Vi Jordan recognised

From the Whitehead Collection, Picture Ipswich.

Vi Jordan 29 June 1913 – 7 May 1982 (Image courtesy of the Whitehead Collection, Picture Ipswich.)

 

Vi Jordan has been recognised by having the new seat of Jordan named after her in the Queensland Redistribution Commission’s proposal for the redistribution of the State’s electoral districts.  Jordan – one of four electorates in the Ipswich area – is located between Bundamba and Logan and includes Springfield.

It is Queensland Women’s Week 6 – 12 March 2017 and International Women’s Day on Wednesday 8 March so this is a good time to recognise the achievements of Vi Jordan who did much to stand up for social justice and the rights of women.

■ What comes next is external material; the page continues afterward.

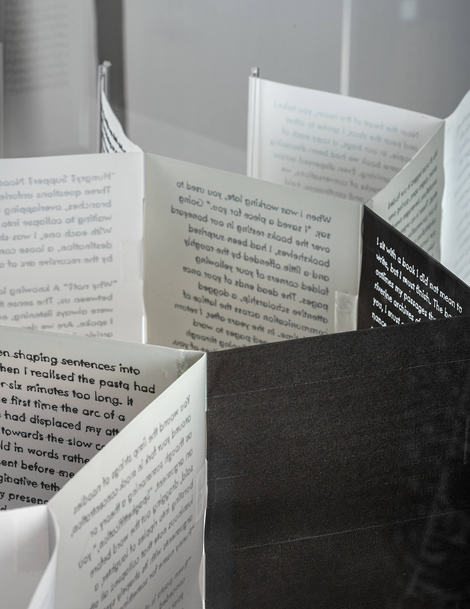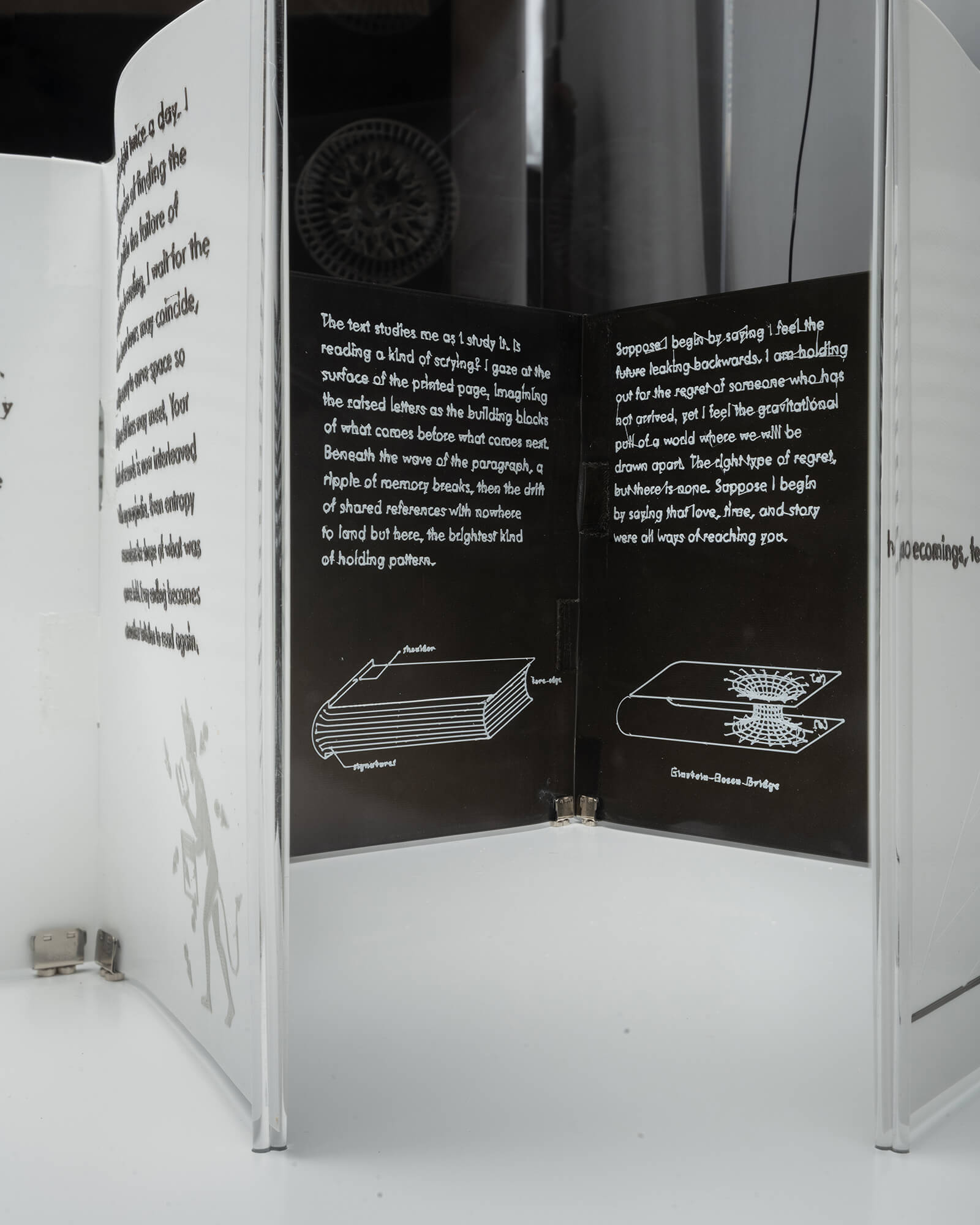 Drawing an affinity between the branching syntax of the MWI and the book form, Many-Folds unfolds through an arborescent structure that echoes the MWI’s branching schematic. As the world thins through subsequent bifurcations, each spread is also 3D printed progressively thinner. Diverging from a centrally bound spine, the book is assembled through a network of decentralised bindings—pages branch orthogonally with fore-edges bound to the folded edge of subsequent spreads through “double-slit” attachments. The end of each page begets iteration, functioning as spines for coextending pages.

Ellen Violet ‘Vi’ Jordan (nee Perrett) was born in Ipswich 29 June 1913 – the daughter of Anne Jane Brown and English-born James Bertie Perrett, an Ipswich Railway Workshops fitter. She was brought up in a strong union environment as her father was secretary of the Iron Workers’ Union when she was a child.

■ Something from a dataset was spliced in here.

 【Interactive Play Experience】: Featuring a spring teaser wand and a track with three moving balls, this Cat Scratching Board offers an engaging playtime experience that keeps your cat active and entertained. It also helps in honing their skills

Vi was educated at Brassall State School and Ipswich Girls’ Grammar School.

She married David Jordan (a railway porter who later went on to become the chief railway signalman at Ipswich) on 14 May 1932 at St Thomas’s Church of England, North Ipswich.

Vi was the first:

  • female alderman to be elected to the Ipswich City Council
  • Labor woman elected to the Queensland Parliament
  • woman to chair a Parliament in Australia (22 November 1973)

Vi was an alderman of the Ipswich City Council from 5 June 1961 to 13 April 1967.

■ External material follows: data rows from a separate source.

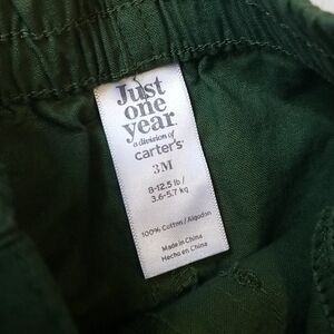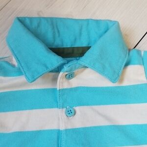 Just one year blue white stripe collared shirt/green short set 3 mo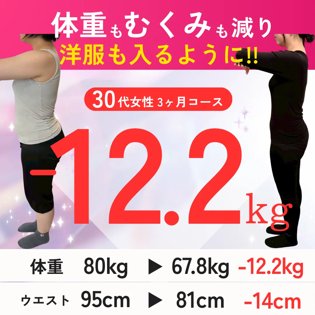 運動と食事制限をご自身で頑張ったが、全く痩せなかったお客様!着たい服が着れました!と嬉しいお言葉♪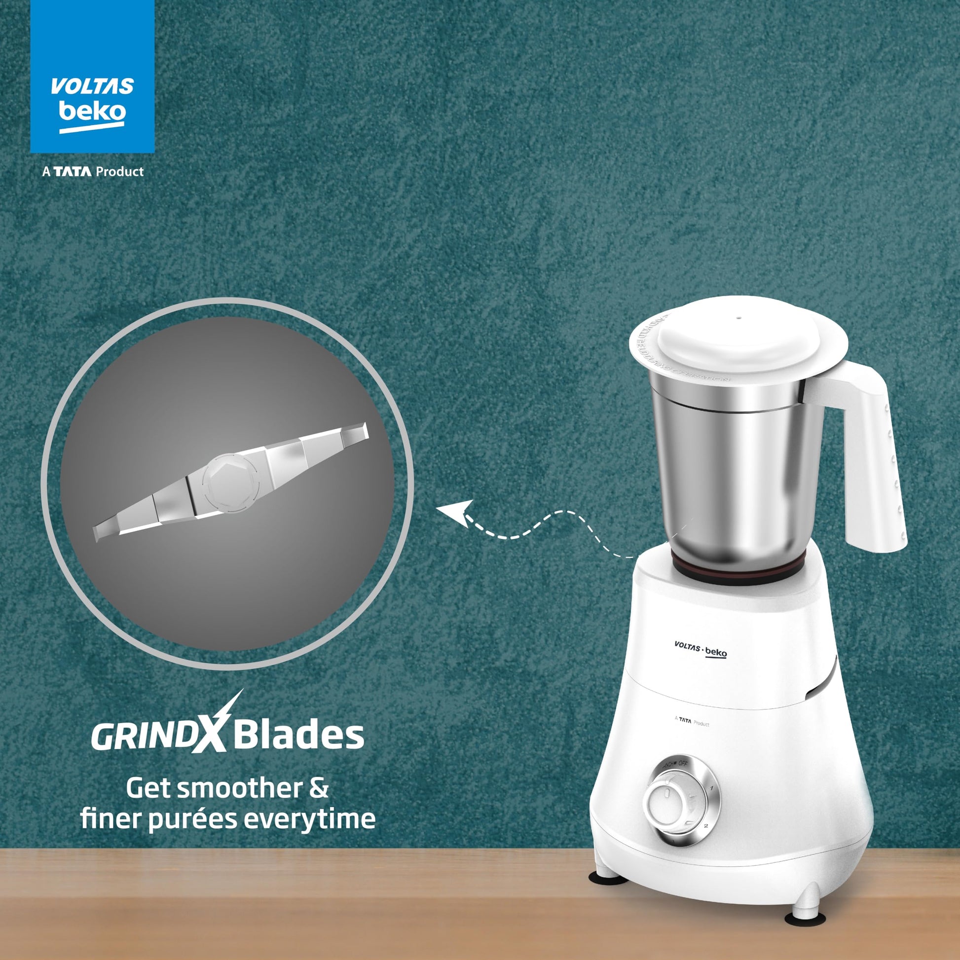 Voltas Beko, A Tata Product Powerfull 500 W Mixer Grinder with GrindX Technology (G5003HP-WH | 3 Jars | White)

Vi joined the Labor Party in 1946 and was the ALP Inaugural President for the Women’s Central Committee Queensland from 1956 to 1967. She was also the Inaugural President of the Australian ALP Women’s Executive from 1974 to 1976.

Vi Jordan was ALP Member for Ipswich West from May 1966 to 7 December 1974. She was the second woman to be elected to the Queensland Parliament since Irene Longman in 1929. Like Longman, Vi Jordan was the only woman member of the House for the whole of her parliamentary career. There were no women in the Queensland Parliament from 1932 to 1966. Today Annastacia Palaszczuk is premier and 25 out of 89 current members (including ministers and shadow ministers) are women.

Vi Jordan was always a strong advocate for women and social justice. This is demonstrated by her lengthy grievance in Parliament on Equal Pay for Women (1 December 1966) where a motion standing in her name from 4 August 1966 had not been debated during that session. The motion stated “That to remove a grave injustice which has been perpetrated on women for many years, this House resolves (a) that action should be taken during the current session to introduce legislation to provide for equal pay for equal work, irrespective of sex; and (b) that such legislation incorporates the abolition of discrimination against women in the Public Service.” (p.2098 Hansard 1 December 1966) Vi then goes on to say that “the fact this motion has not come before the House for debate is indeed a grievance with me, and I am sure it is also a grievance to many people, particularly women’s organisations and women generally.” (p.2098 Hansard 1 December 1966)

In 1975 Vi Jordan became a member of the Council of Queensland Women set up to advise the State Government on the status of women.

Vi was also an active member of the Ipswich social and sporting community. She was:

  • patroness of the Ipswich Vigoro Club
  • patroness of the Ipswich Vice Regal and Model Band
  • a keen lawn bowler and on the committee of the North Ipswich Bowling Club

“Being a very good lawn bowler, Vi Jordan was selected for the Queensland Parliamentary Bowls Team when it went to Melbourne to compete in the 1972 inter-parliamentary bowls carnival. However, when the team arrived at the venue – which on this occasion was the greens at the Melbourne Cricket Ground – it was discovered that the MCG did not permit women to play on its greens. The press had a field day, but Jordan in her typical unruffled fashion merely described the incident as ‘Victoriana’!” Source: McCulloch p. 71

Awards:

  •  Member of the Order of Australia for her work in local government and the community (June 1976)
  •  Queen’s Jubilee medal (1977)

 

Information taken from: Australian Dictionary of Biography 2007; Jordan, Mrs Ellen Violet (Vi) Queensland Parliament Former Members Biography; McCulloch, John “100 years of women’s suffrage in Queensland 1905 – 2005: some important firsts” Queensland Review v. 12 no. 2: pp 63 – 72; Parliamentary Debates [Hansard] Legislative Assembly. Thursday, 1 December, 1966; The acceptance of women in Queensland Parliament has been a long road by Terry Sweetman. The Sunday Mail (Qld) 17 August 2013;”Labor loses a Violet – Vi Jordan dies”. The Queensland Times 8 May 1982 p 2; Queensland Parliament website; The Queensland Redistribution Commission’s Proposal (in full) PDF.